Look at it from the browser (or search engine or document consumer) point of
view. If you have a document that declares "us-ascii", but, in fact, contains
non-ASCII byte values, what should happen to those byte values when the
document is interpreted? 

I find myself writing text here that I already said in or around comment 1, so
I won't repeat myself. 

> Again, I'm not asking that the standard be *changed*, only that this issue
> be *explained*. Currently this stuff is entirely a mystery to a non-expert
> (and it appears, even to some experts). That's not right.

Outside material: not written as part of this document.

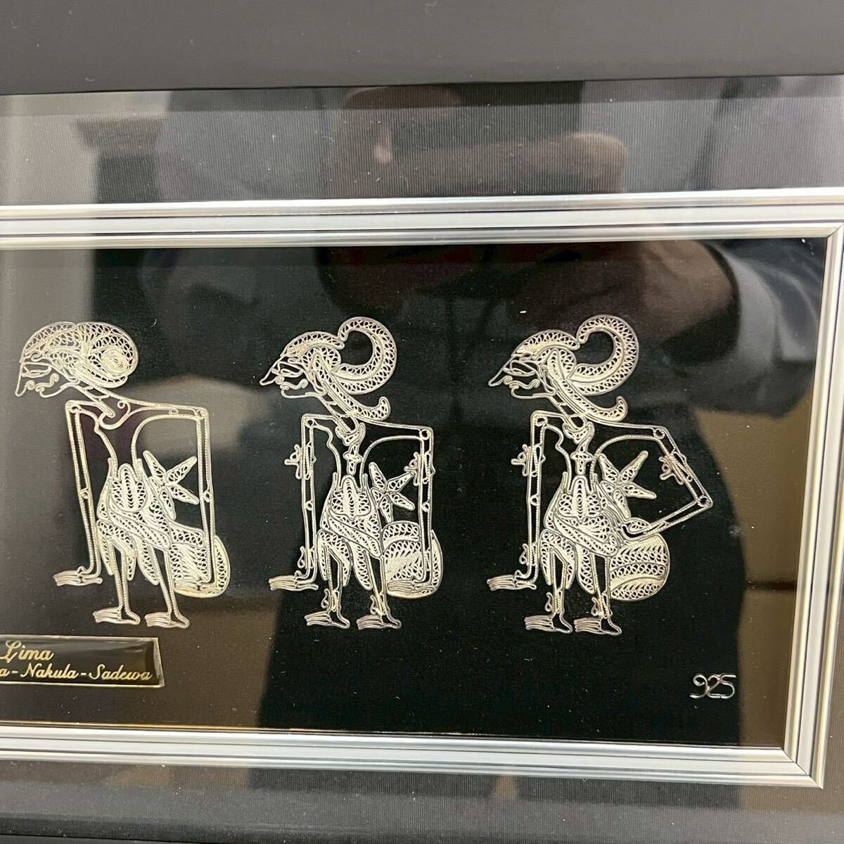 1円 極美品 インドネシア シルバー 額装 金属工芸 絵画

I agree that an explanation is desirable. There is no discussion of superset
encodings or why any of this occurs in the Encoding spec. A note is probably
called for so that it won't be a mystery. Perhaps just after the "violation of
UTS#22" note in section 4.2:

In many cases the legacy single-byte encoding selected has a larger character
repertoire than that of the label actually used in the document. For example,
both the "iso8859-1" and "us-ascii" labels use the "windows-1252" encoding.
This is because user-agents historically have applied the larger "super-set"
encoding in practice because document authors tend to be imprecise in
identifying the correct label.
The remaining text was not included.